The simplest boot target for the Kerbside SPICE VDI proxy CI

For the last couple of years I have been working on a SPICE protocol native proxy called Kerbside. The basic idea is to be able to provide SPICE Virtual Desktop Interface (VDI) consoles to users from cloud platforms such as Shaken Fist, OpenStack, or oVirt. Think Citrix, but for Open Source cloud platforms. SPICE is attractive here because it has some features that other more common VDI protocols like VNC don’t have — good cut and paste support, USB device pass-through, multiple monitor support, and so on. RDP has these, but RDP was not a supported VDI protocol when using qemu on Linux with KVM until incredibly recently — literally the last couple of months.

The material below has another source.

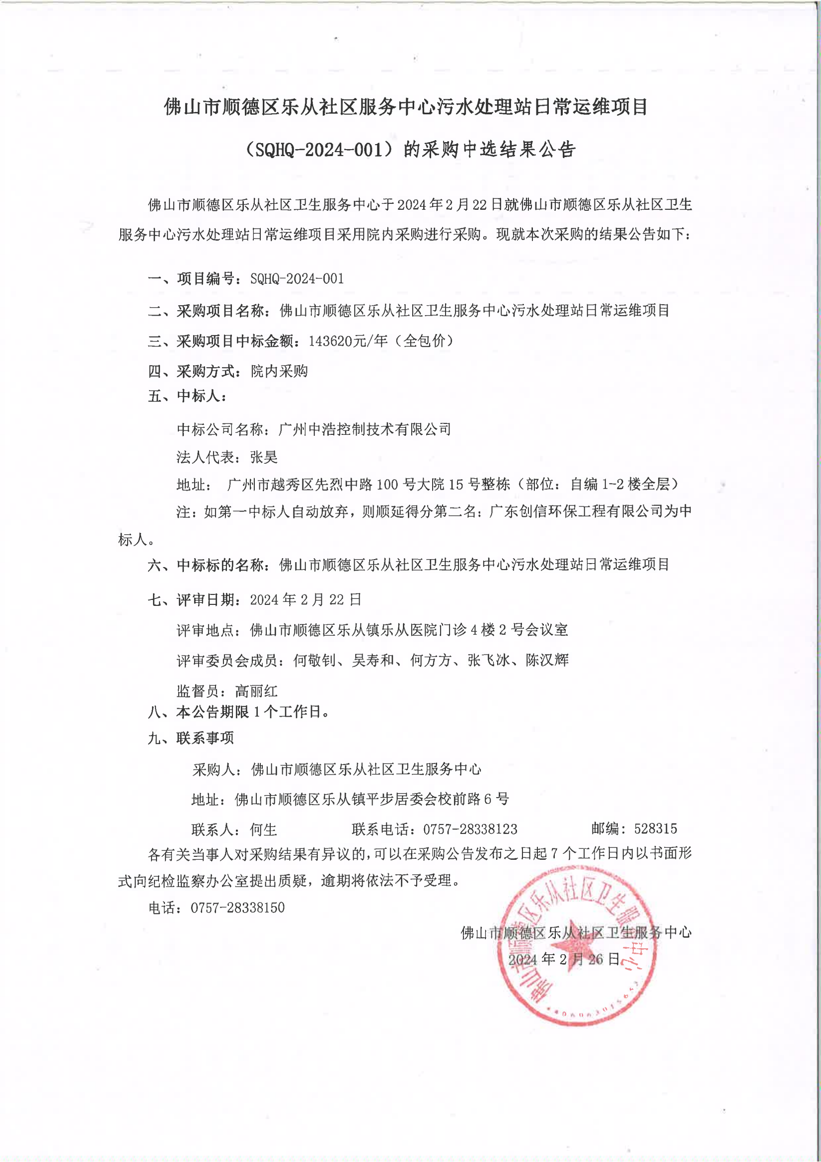 樂從社區(qū)衛(wèi)生服務(wù)中心污水處理站日常運(yùn)維項(xiàng)目(SQHQ-2024-001)的院內(nèi)采購(gòu)結(jié)果公告

(In terms of clouds that Kerbside supports, I think it would be relatively trivial to also support Proxmox, KubeVirt, or a list of static manually created virtual machines, but there’s only so many things one Mikal can do at once…)

Some of these cloud platforms have supported SPICE consoles for a while, but generally with warts. OpenStack for example only exposes them as HTML5 transcoded sessions with reduced functionality. oVirt exposes them via a “proxy” which is just squid (or equivalent), but its fairly dumb — it exposes the underlying hypervisor details to the client for example. I thought I could do better than that.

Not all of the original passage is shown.